# Given the balanced ionic equation representing a reaction below. In this reaction, where are electrons transferred from?

Jun 10, 2017

This is a redox reaction in which electrons are formally transferred....

#### Explanation:

$\text{Oxidation reaction}$

$M g \rightarrow M {g}^{2 +} + 2 {e}^{-}$ $\left(i\right)$

$\text{Reduction reaction}$

$A {l}^{3 +} + 3 {e}^{-} \rightarrow A l$ $\left(i i\right)$

And we cross multiply the individual redox equations so that electrons are absent from the final redox equation, i.e. $3 \times \left(i\right) + 2 \times \left(i i\right) = \ldots \ldots \ldots . .$

$3 M g + 2 A {l}^{3 +} + \cancel{6 {e}^{-}} \rightarrow 2 A l + 3 M {g}^{2 +} + \cancel{6 {e}^{-}}$

And finally.............

$3 M g + 2 A {l}^{3 +} \rightarrow 2 A l + 3 M {g}^{2 +}$

Jun 10, 2017

The electrons are transferred from the magnesium metal solid to the Aluminum ions

#### Explanation:

The Aluminum is reduced as it charge goes from + 3 to zero, as the Al gains electrons.
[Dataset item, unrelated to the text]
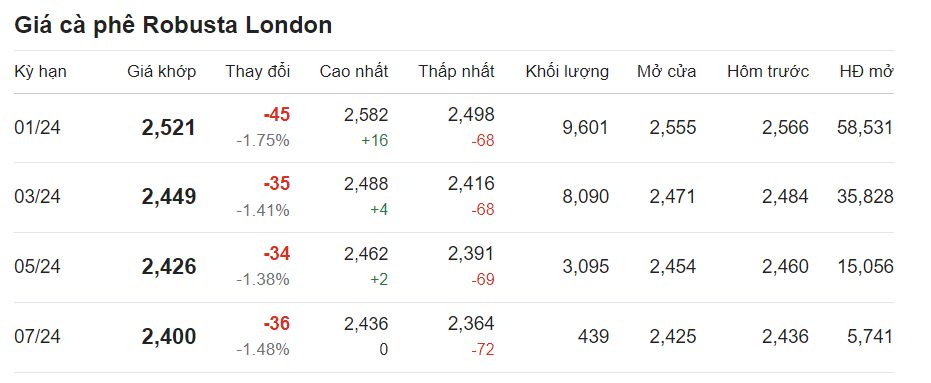 Theo ghi nhận, giá cà phê trên thị trường thế giới giảm. Theo đó, giá cà phê trực tuyến robusta tại London giao tháng 1/2024 được ghi nhận tại mức 2.521 USD/tấn sau khi giảm 1,75% (tương đương 45 USD).

That means the charge or oxidation number of aluminum goes down. The Aluminum acts as an oxidizing agent in this reaction.

The Magnesium is oxidized as it charge goes from zero to +2 . The magnesium has lost electrons. This causes the charge or oxidation number magnesium to become more positive. The Magnesium acts as a reducing agent in this reaction.

Electrons are transferred from the Magnesium solid to the Aluminum ion.